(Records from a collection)
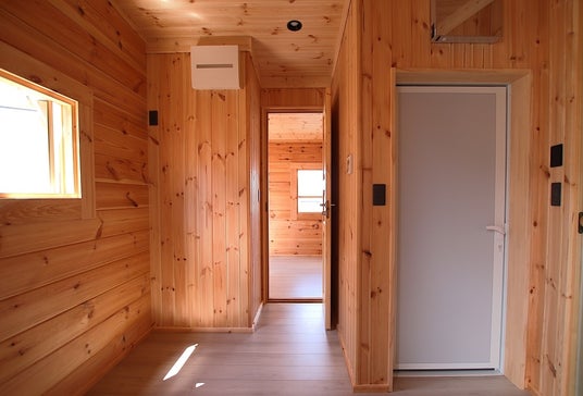 ●標準仕様:北欧産ログ材、ガルバリウム鋼板縦片流れ緩勾配屋根、樹脂製高断熱ペアガラス、フローリング、IHシステムキッチン、3点ユニット(バス、洗面台、水洗トイレ(温水洗浄・暖房便座))、室内照明器具、床暖房、サウナ
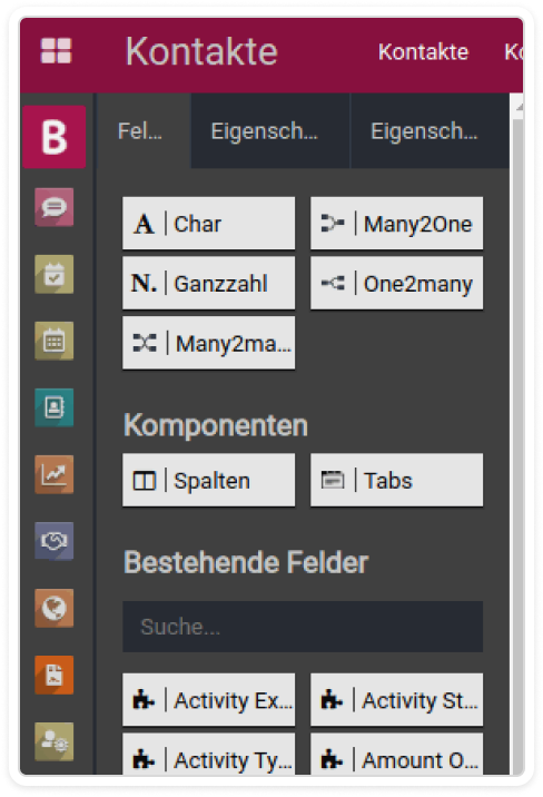 In the form view of a contact the following different fields can be inserted and changed:Char, Integer, Many2one, One2many, Many2manyIn addition the components Columns and Tabs can be added.
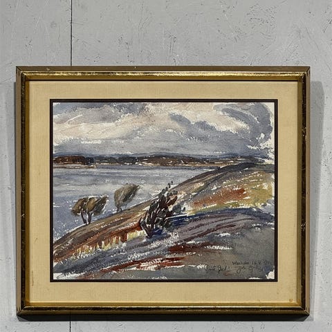 Kehystetty maisemamaalaus, jossa näkyy järvimaisema ja mökki. Maalaus on signeerattu alareunassa U Willgren. Kehys on koristeellinen ja tummasävyinen.
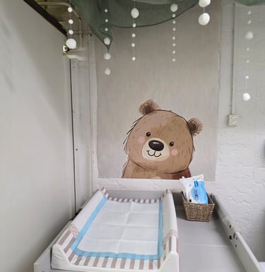 Der Wickelberreich ist ein sauberer, sicherer und liebevollen gestalteter Ort, an dem sich kleine Bären geborgen fühlen können. Mit viel Ruhe, Sorgfalt und Wärme sorge ich dafür, dass jede Pflegeeinheit ein Moment des Wohlfühlens und Vertrauens ist.
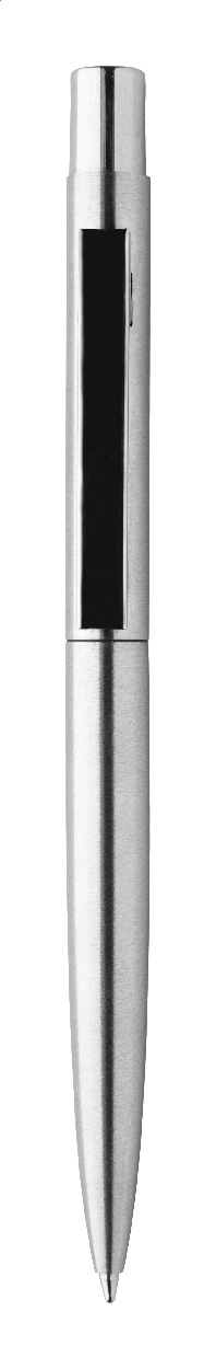Kugelschreiber aus recyceltem Edelstahl mit Chromdetails, blauschreibend.

(The task):
Once the line holding "Kehystetty maisemamaalaus, jossa" is found, set it down along with every line after it through the end of the entries, exactly, leaving the pictures out.

(Final answer):
 Kehystetty maisemamaalaus, jossa näkyy järvimaisema ja mökki. Maalaus on signeerattu alareunassa U Willgren. Kehys on koristeellinen ja tummasävyinen.
 Der Wickelberreich ist ein sauberer, sicherer und liebevollen gestalteter Ort, an dem sich kleine Bären geborgen fühlen können. Mit viel Ruhe, Sorgfalt und Wärme sorge ich dafür, dass jede Pflegeeinheit ein Moment des Wohlfühlens und Vertrauens ist.
Kugelschreiber aus recyceltem Edelstahl mit Chromdetails, blauschreibend.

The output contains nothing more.